Apart from the pictures, output all of the records exactly.

=== EXTRACTED ENTRIES ===

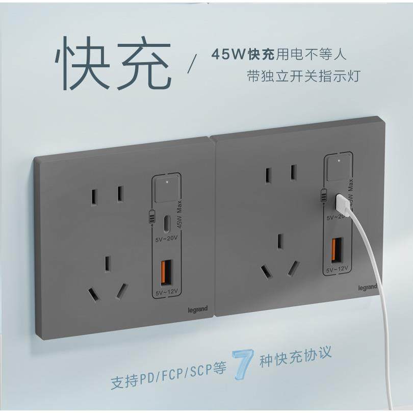 罗格朗开关插座面板家用超薄墙壁五孔插座86型暗装仕典plus深砂银
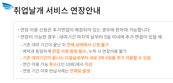 기본적인 대여기간은 3박 4일로 대여 연장을 희망하는 경우, 추가 면접이 예정되어 있는 경우에 한하여 연장 이용 신청이 가능합니다.
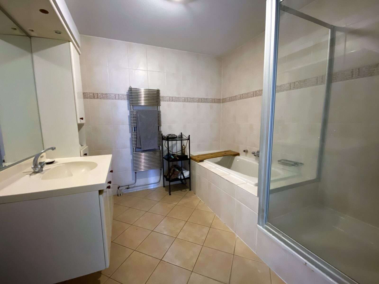 De badkamer is uitgerust met een ligbad, wastafel met meubel een een douchecabine. Er is een apart toilet aanwezig.
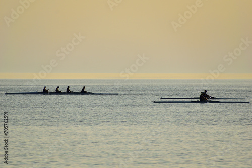 Naklejka premium rowing (skiff) at sunset - Paralia Richa Nera (beach), Myrina, Lemnos island, Greece, Aegean sea
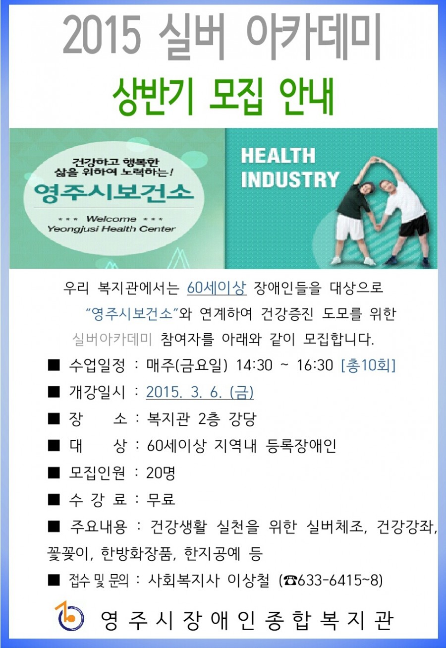 “영주시보건소”와 연계하여 건강증진 도모를 위한 실버아카데미 참여자를 모집합니다.

===

* [EXERCISE SOLUTION]
 罗格朗开关插座面板家用超薄墙壁五孔插座86型暗装仕典plus深砂银
 기본적인 대여기간은 3박 4일로 대여 연장을 희망하는 경우, 추가 면접이 예정되어 있는 경우에 한하여 연장 이용 신청이 가능합니다.
 De badkamer is uitgerust met een ligbad, wastafel met meubel een een douchecabine. Er is een apart toilet aanwezig.
 Naklejka premium rowing (skiff) at sunset - Paralia Richa Nera (beach), Myrina, Lemnos island, Greece, Aegean sea
 “영주시보건소”와 연계하여 건강증진 도모를 위한 실버아카데미 참여자를 모집합니다.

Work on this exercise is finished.